3. Criar um conjunto de dados de exemplo #
import numpy as np
import matplotlib.pyplot as plt
import japanize_matplotlib
from sklearn.datasets import make_blobs
X, y = make_blobs(n_samples=600, n_features=3, random_state=117117)
fig = plt.figure(figsize=(8, 8))
ax = fig.add_subplot(projection="3d")
ax.scatter(X[:, 0], X[:, 1], X[:, 2], c=y)
ax.set_xlabel("$x_1$")
ax.set_ylabel("$x_2$")
ax.set_zlabel("$x_3$")
4. Executar PCA com scikit-learn #
from sklearn.decomposition import PCA
from sklearn.preprocessing import StandardScaler
pca = PCA(n_components=2, whiten=True)
X_pca = pca.fit_transform(StandardScaler().fit_transform(X))

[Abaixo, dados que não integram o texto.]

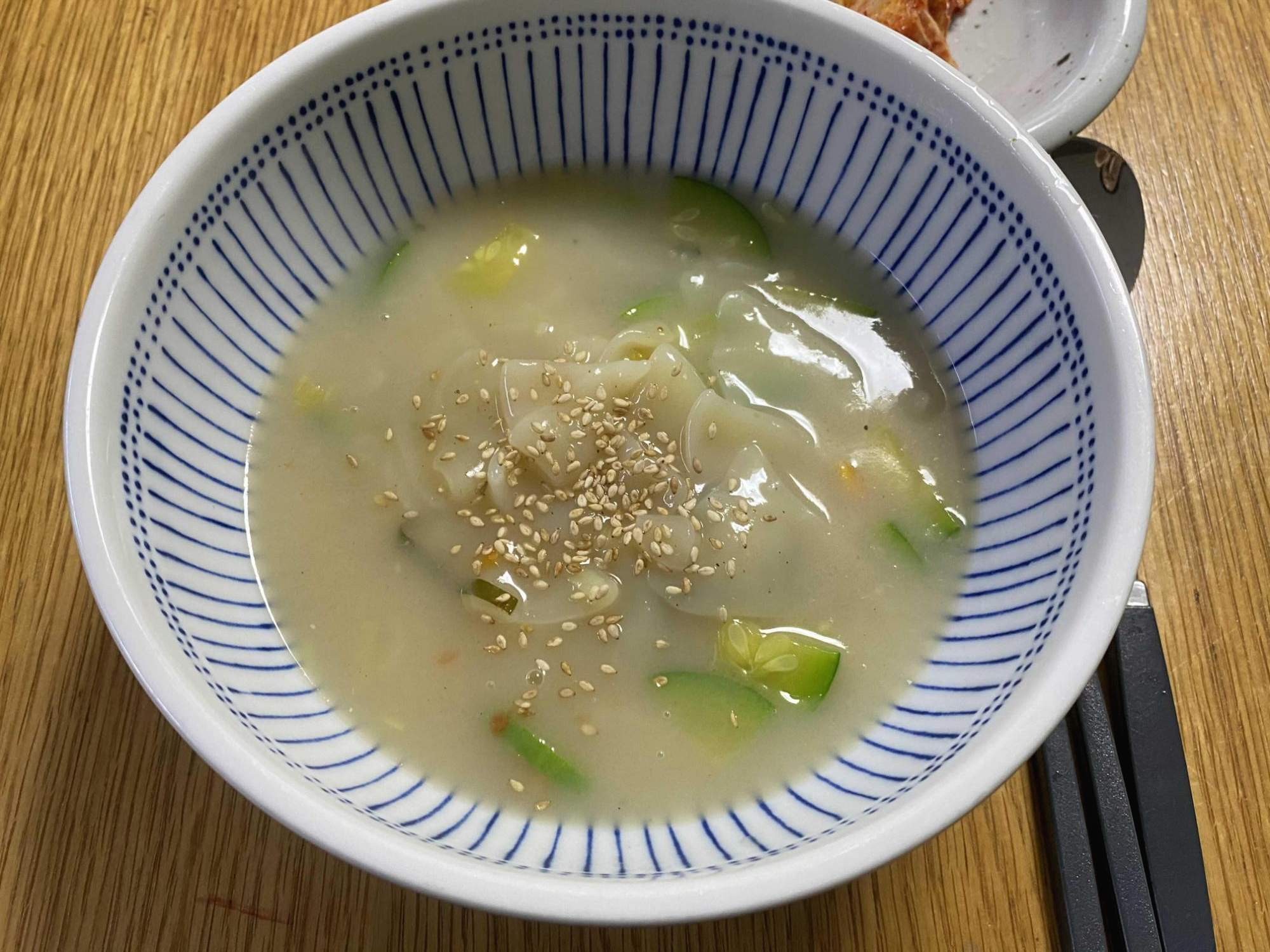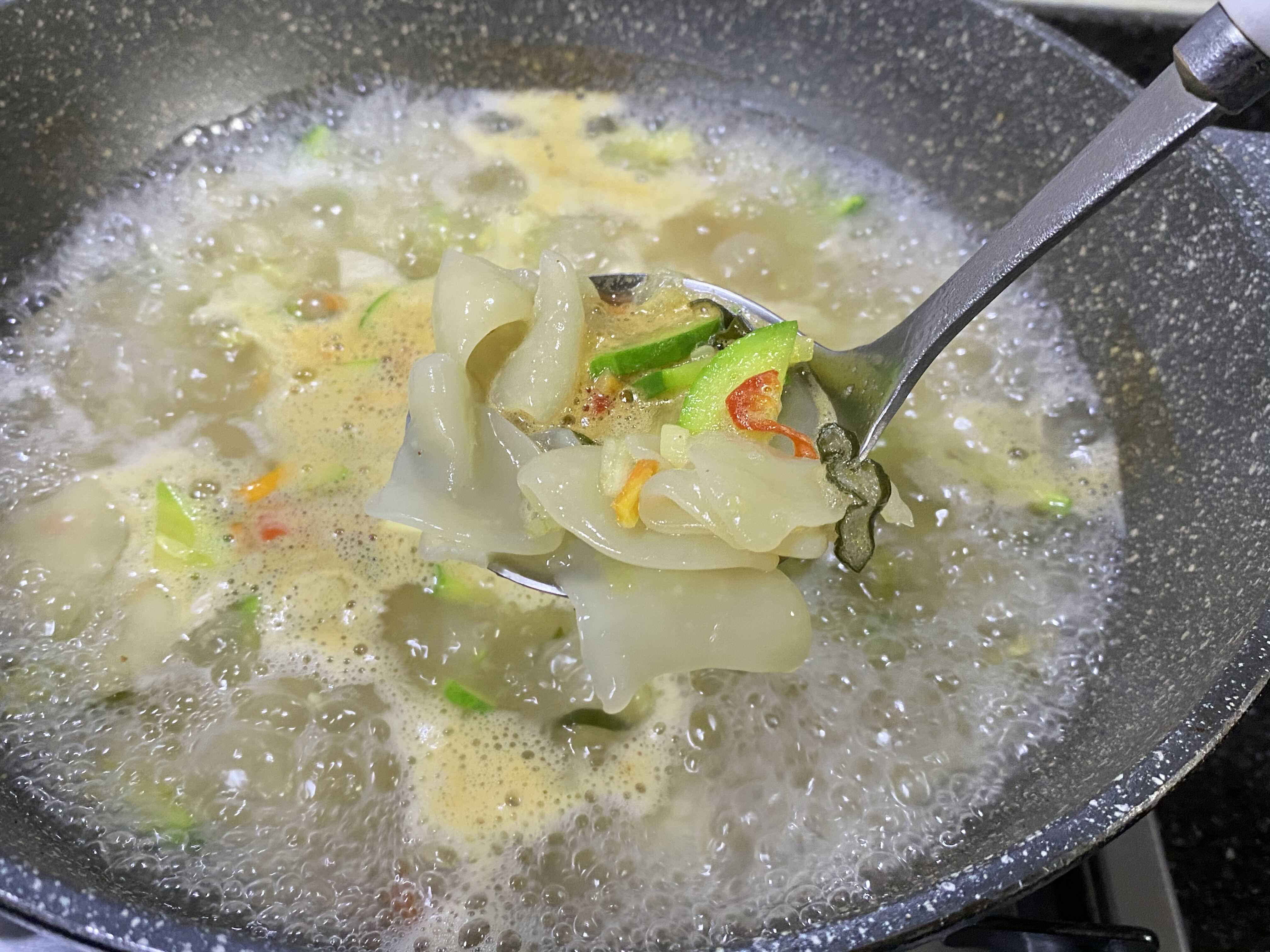건더기블럭도 넣어서 저으면서 풀었어요.그리고 나서 수제비를 넣었답니다.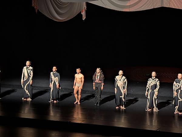 舞台設計了一大片蓋滿舞台的布,隨著8個吊點升降,如同山巒高低起伏,布面上以古拙筆法繪製的人身形,表達身體的協調。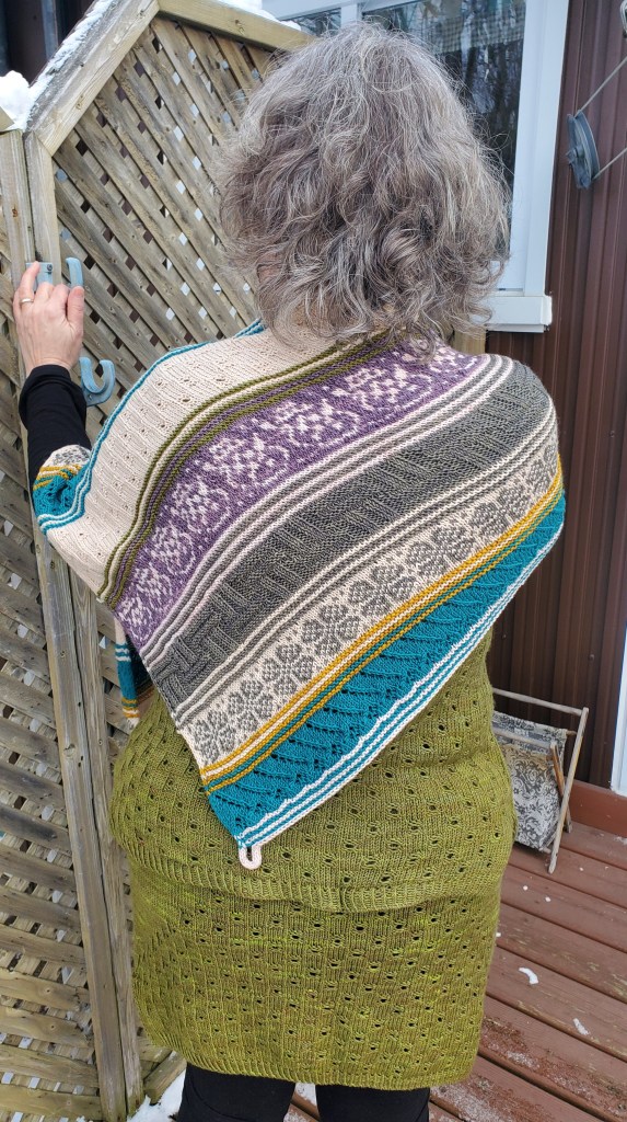 J’ai parlé de 3 morceaux (incluant le châle)? Les voici sur la photo ici-bas: châle, bonnet et jambières. Pour les jambières, ça s’en vient, mais pour le bonnet, je vais attendre à l’automne, histoire que j’en tricote un autre moi-même.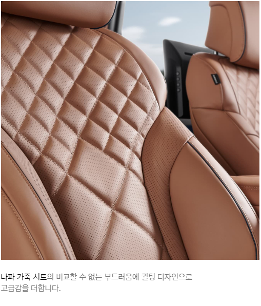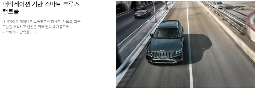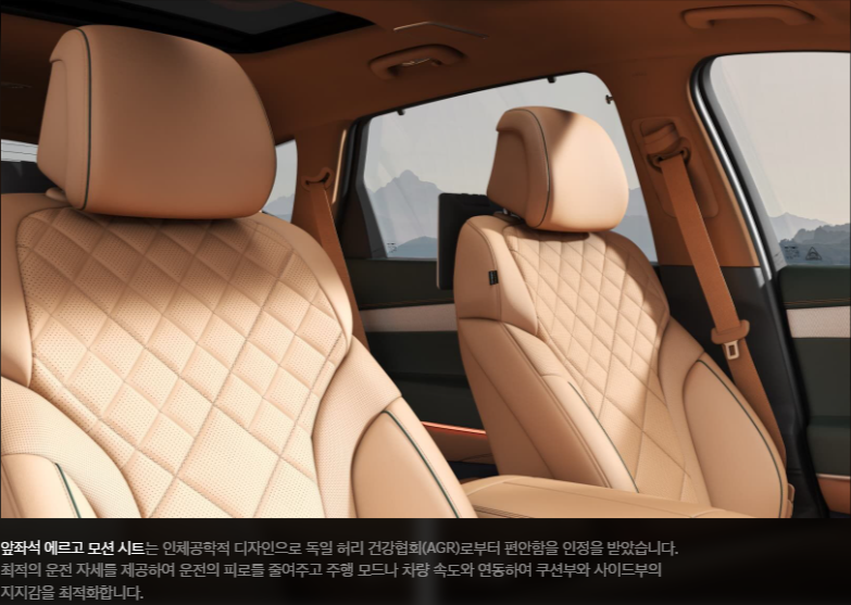 - 프리뷰 전자제어 서스펜션: 도로 상황을 미리 파악해 승차감을 극대화합니다.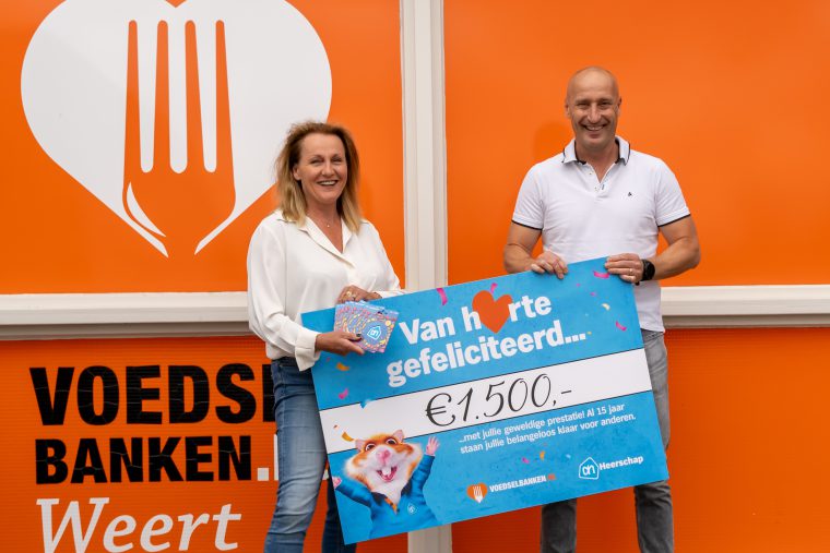 Albert Heijn Heerschap werkt al jarenlang op verschillende manieren samen met lokale voedselbanken. Als blijk van waardering ontving Voedselbank Weert een donatie van €1.500,- van eigenaar Stan Heerschap. ‘’Een enorm mooie prestatie hoe Voedselbank Weert zich al 15 jaar belangeloos inzet voor de mensen in de omgeving. Om de mensen iets extra’s te kunnen geven, bieden we Voedselbank Weert deze cheque aan’’, vertelt Stan Heerschap.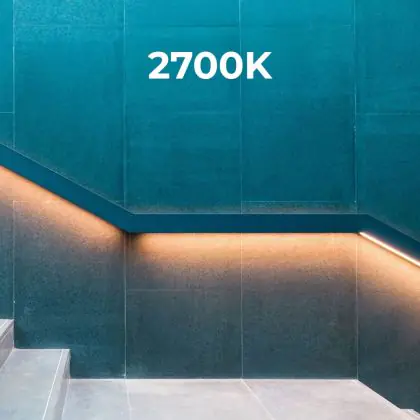 Met deze LED strip kun je iedere ruimte voorzien van het juiste licht. Deze lichtbron kan namelijk ook in hoeken worden geplaatst door het flexibele design van de strip én kan worden ingekort op de aangegeven kniplijnen. Bovendien heb je keuze uit diverse lichtkleuren, die LED strips geschikt maken voor zowel woningen als bedrijven. Hoewel het gebruik van gekleurde LED strips vooral met persoonlijke smaak te maken heeft, worden witte lichttinten specifiek gebruikt voor een bepaald doel. Deze LED strip heeft de lichtkleur 2700K - Zeer Warm Wit. Hier lees je waar welke lichtkleur het best tot zijn recht komt.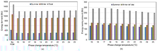 The influence of PCM phase change temperature on building energy for severe summer and winter seasons: (a) the heat pump’s energy demand; (b) the energy savings compared to no PCM.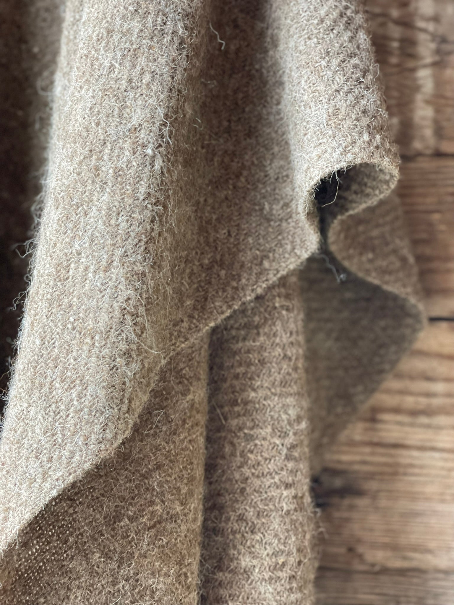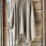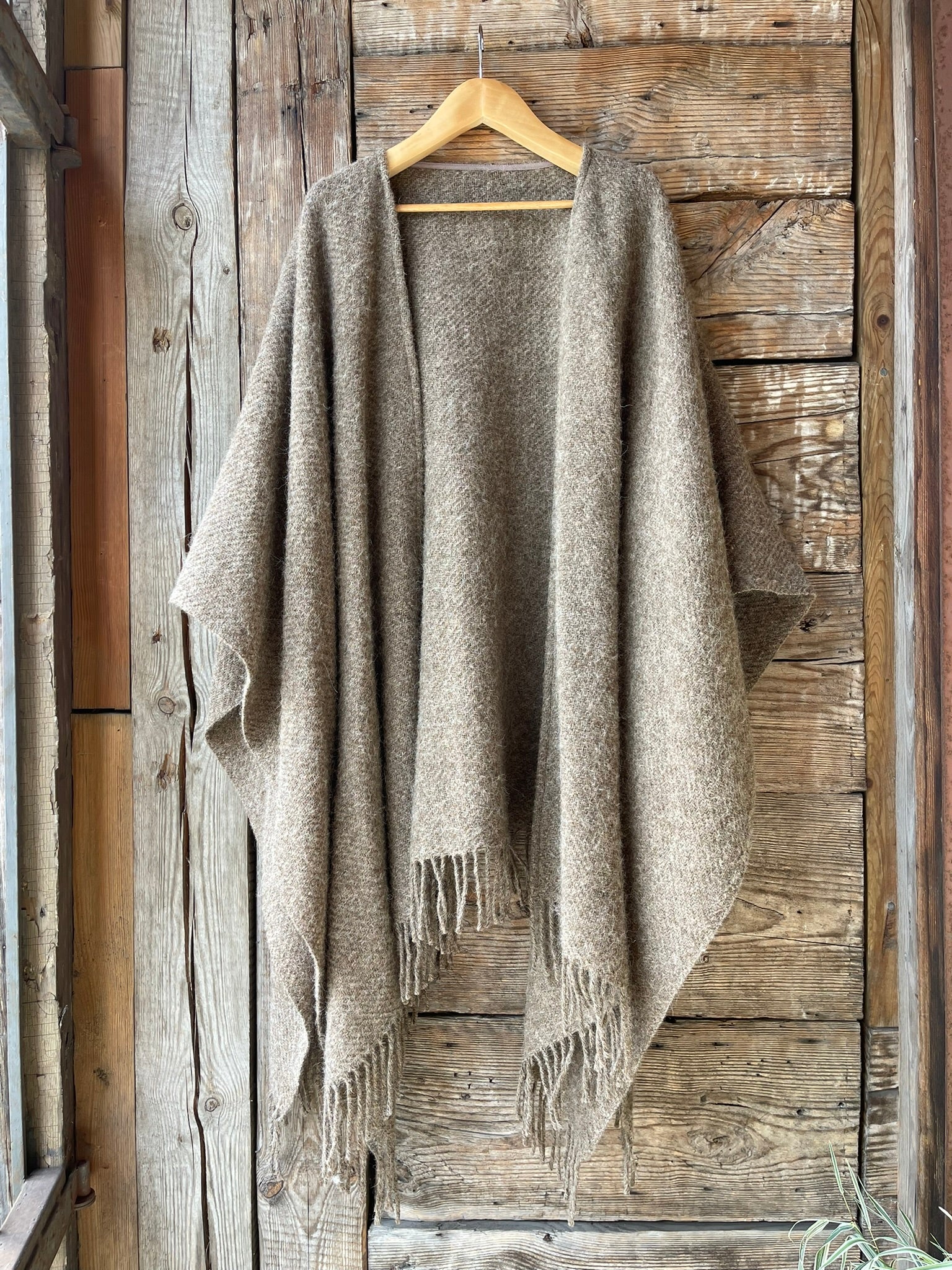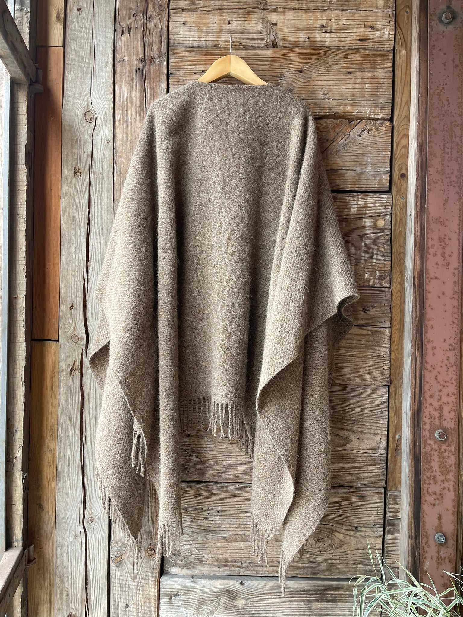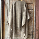Trifeļu brūna toņa pončo ar bārkstīm no aitas/alpakas/mohēras vilnas auduma, klasisks piegriezums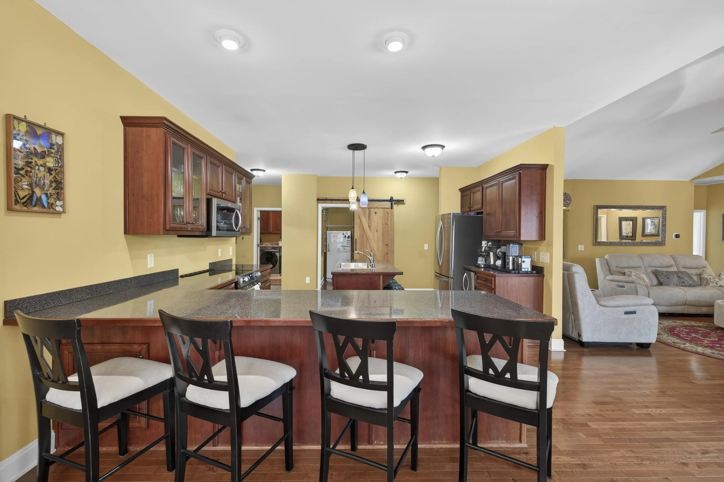 - AppliancesBuilt in Microwave, Dishwasher, Range, Refrigerator, Separate Ice Machine, StainlessSteel Appliances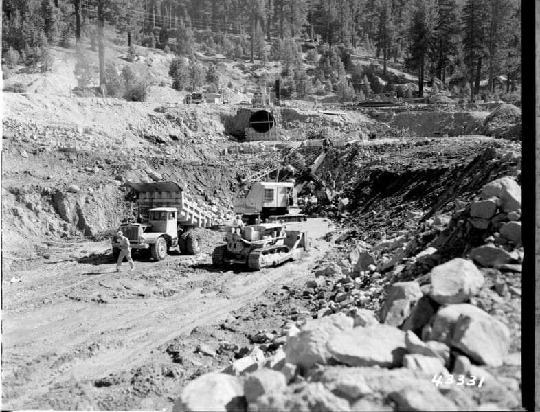Portal Powerhouse - Excavation below pipe. Progress about 7ft. from final elevation.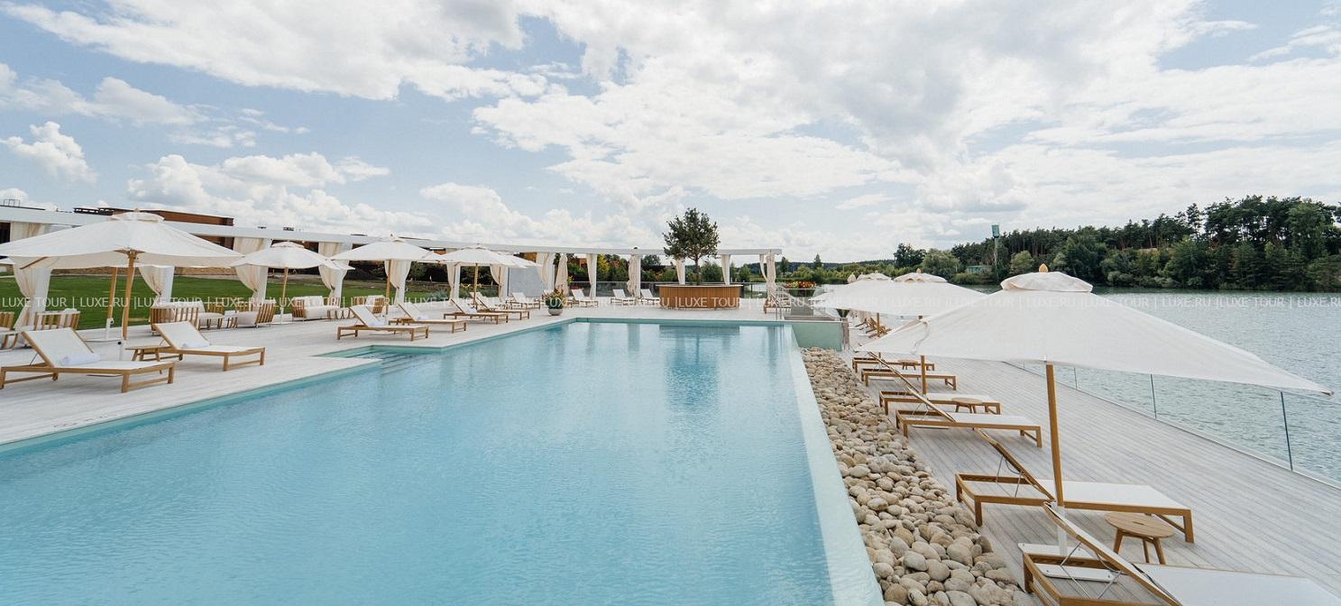 Бутик-отель Riviera Wellness Resort расположен на берегу живописного Лазурного озера, на территории современного курортного комплекса, окруженного сосновым бором. Здесь созданы идеальные условия для релаксации, оздоровления и отдыха на природе. Стильные комфортабельные номера, в которые вода подается прямо из скважин 500-метровой глубины, великолепный Spa-комплекс и первоклассная многопрофильная клиника «Евромед», замечательный детский клуб и большой аквапарк, спорт и развлечения на любой вкус, гастрономический ресторан и отличные возможности для проведения праздников, деловых и корпоративных мероприятий. Riviera Wellness Resort – роскошный курорт в чудесном экологическом уголке Белгорода.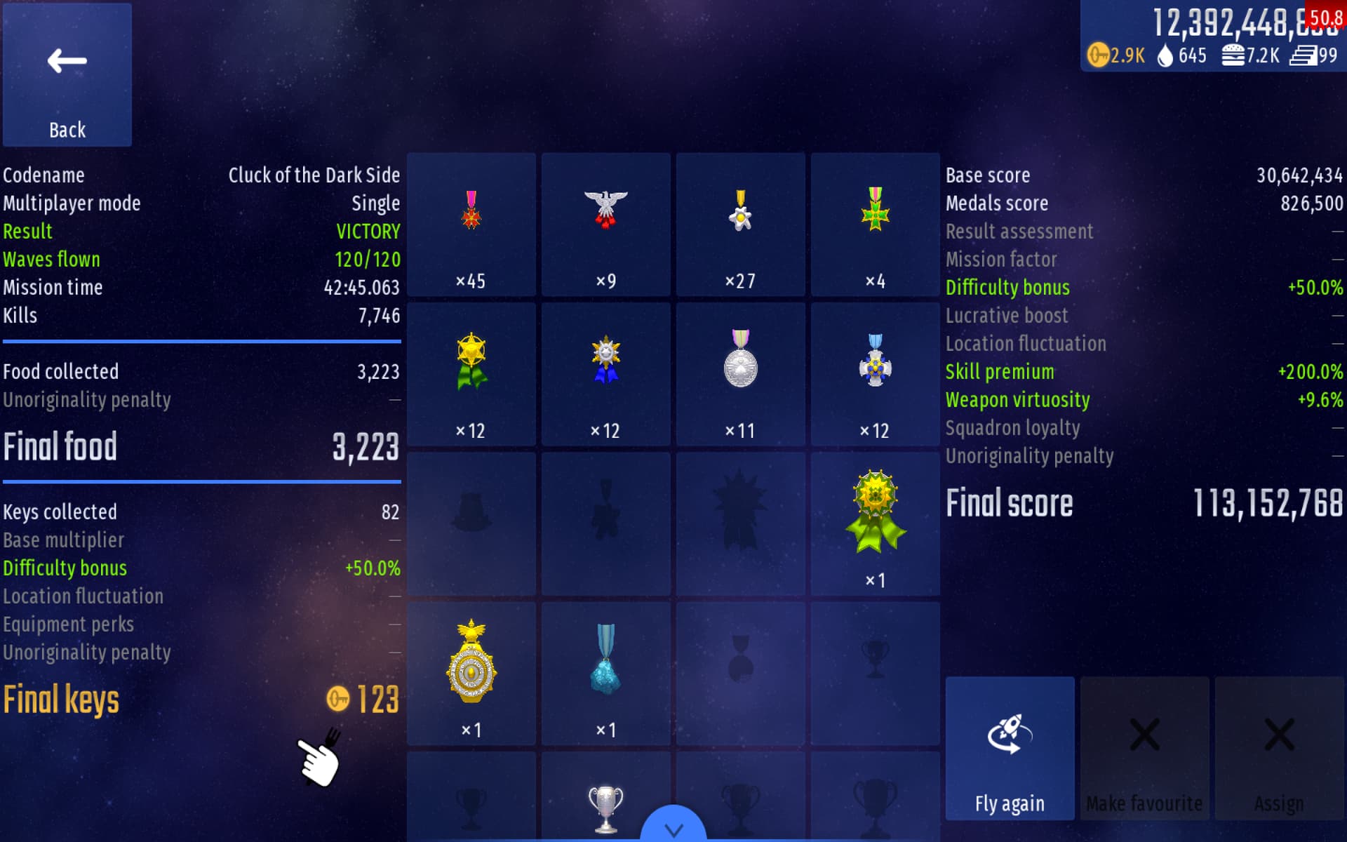 But in Weekly Challenge, if completed this mission, it alway reward “Very Hard Campaign” trophy. In old version before update for Weekly Challenge, we can use Skill “Superstar Hero”, it will reward “Elite Campaign” trophy when mission completed. “Cluck Of The Dark Side” mission has 120 waves; difficulty 0-100%, this mission must be reward “Very Hard Campaign” like Space Race, Invasion Anniversary,…

plt.figure(figsize=(8, 8))
plt.scatter(X_pca[:, 0], X_pca[:, 1], c=y)
plt.xlabel("PC1")
plt.ylabel("PC2")
plt.title("2-D embedding via PCA")
plt.show()
5. O escalonamento importa #
from sklearn.preprocessing import StandardScaler
X, y = make_blobs(
n_samples=200,
n_features=3,
random_state=11711,
centers=3,
cluster_std=2.0,
)
X[:, 1] *= 1000
X[:, 2] *= 0.01
X_ss = StandardScaler().fit_transform(X)
pca = PCA(n_components=2).fit(X)
X_pca = pca.transform(X)
pca_ss = PCA(n_components=2).fit(X_ss)
X_pca_ss = pca_ss.transform(X_ss)
plt.figure(figsize=(10, 5))
plt.subplot(121)
plt.title("Unscaled features")
plt.scatter(X_pca[:, 0], X_pca[:, 1], c=y, marker="x", alpha=0.6)
plt.subplot(122)
plt.title("Scaled features")
plt.scatter(X_pca_ss[:, 0], X_pca_ss[:, 1], c=y, marker="x", alpha=0.6)
plt.show()
O PCA é dominado por características com grande variância; o escalonamento (ou branqueamento) é essencial quando as unidades das características diferem.
6. Considerações práticas #
- Razão de variância explicada: (\lambda_j / \sum_i \lambda_i) ajuda a decidir quantas componentes principais manter (geralmente 80-90%).
- Computação: o PCA é implementado via SVD internamente; use
svd_solver='randomized'para grandes conjuntos de dados. - Kernel PCA: quando o PCA linear não é suficiente, mude para kernels (veja a seção dedicada) ou tente UMAP/t-SNE para estrutura local.